Linear stability of two-dimensional steady flow in wavy-walled channels

Abstract
Linear stability of fully developed two-dimensional periodic steady flows in sinusoidal wavy-walled channels is investigated numerically. Two types of channels are considered: the geometry of wavy walls is identical and the location of the crest of the lower and upper walls coincides (symmetric channel) or the crest of the lower wall corresponds to the furrow of the upper wall (sinuous channel).
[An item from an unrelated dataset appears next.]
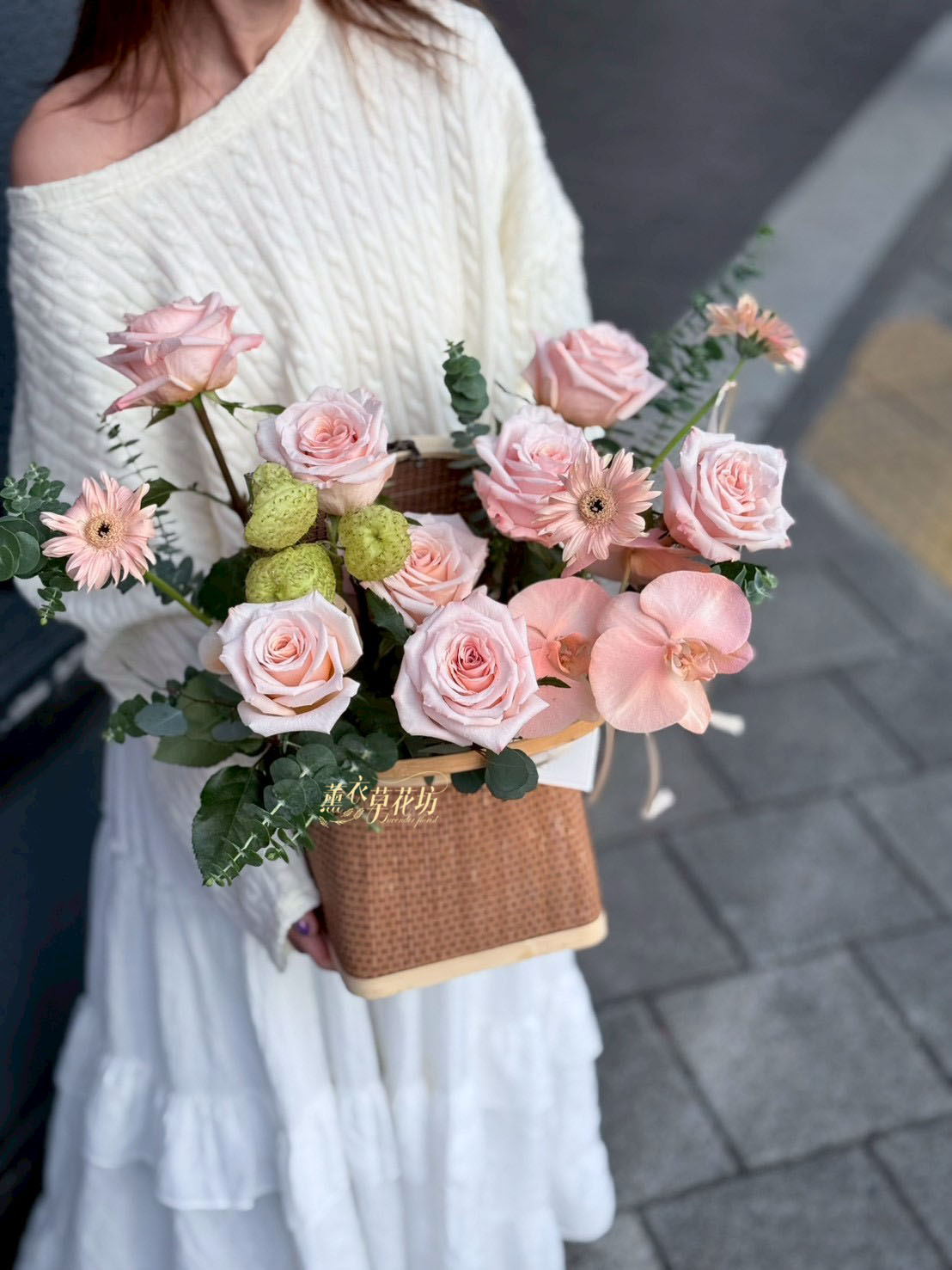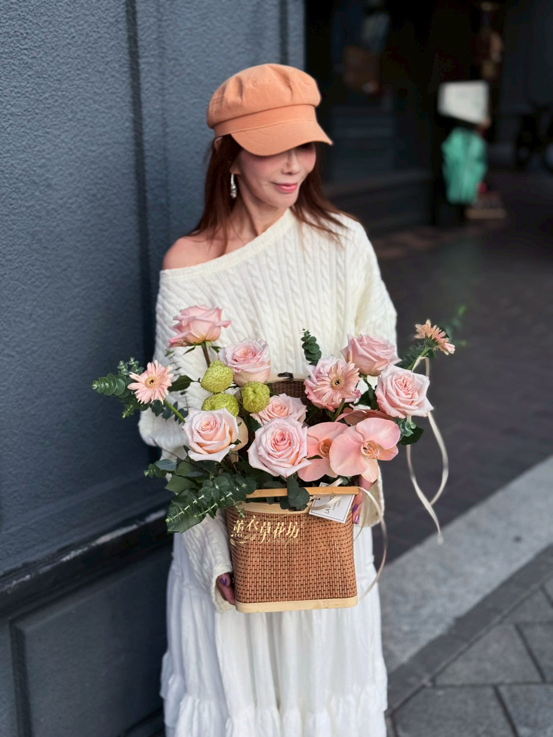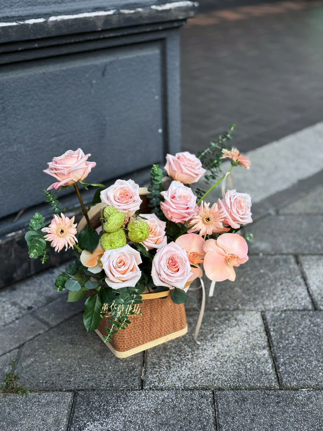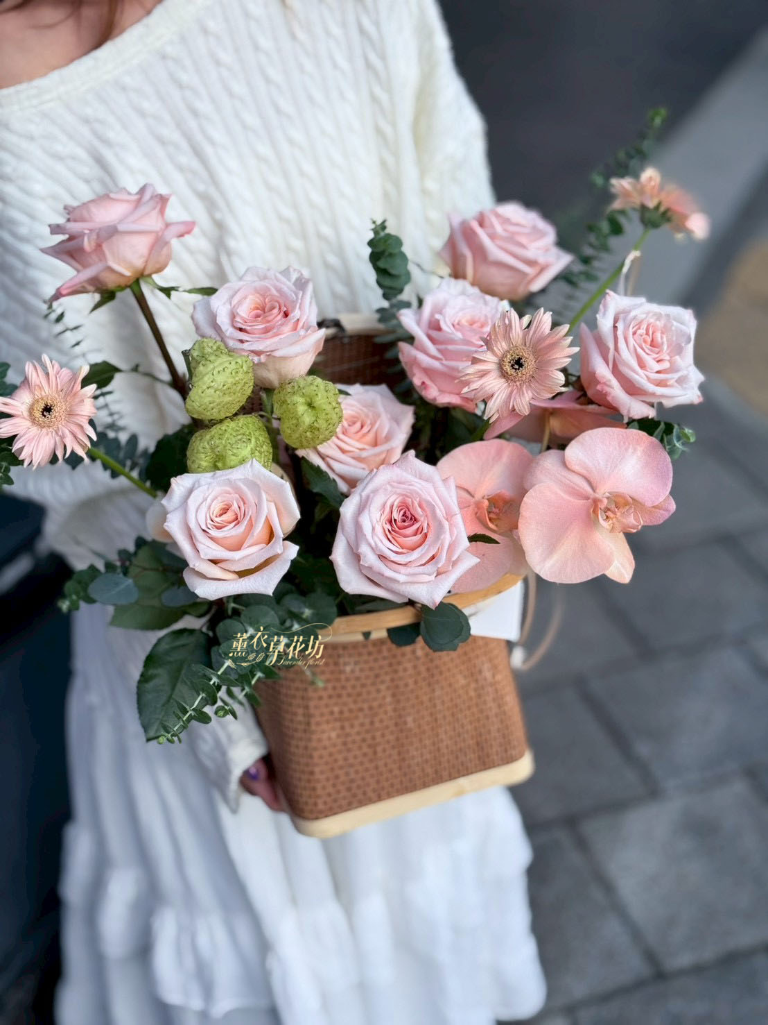 【品名】進口微光粉玫瑰&提籃設計(類似款)

It is found that the critical Reynolds number is substantially lower than that for plane channel flow and that when the non-dimensionalized wall variation amplitude ε is smaller than a critical value (about 0.26 for symmetric channel, 0.28 for sinuous channel), critical modes are three-dimensional stationary and for larger ε, two-dimensional oscillatory instabilities set in. Critical Reynolds numbers of sinuous channel flows are smaller for three-dimensional disturbances and larger for two-dimensional disturbances than those of symmetric channel flows. The disturbance velocity distribution obtained by the linear stability analysis suggests that the three-dimensional stationary instability is mainly caused by local concavity of basic flows near the reattachment point, while the critical two-dimensional mode resembles closely the Tollmien–Schlichting wave for plane Poiseuille flow.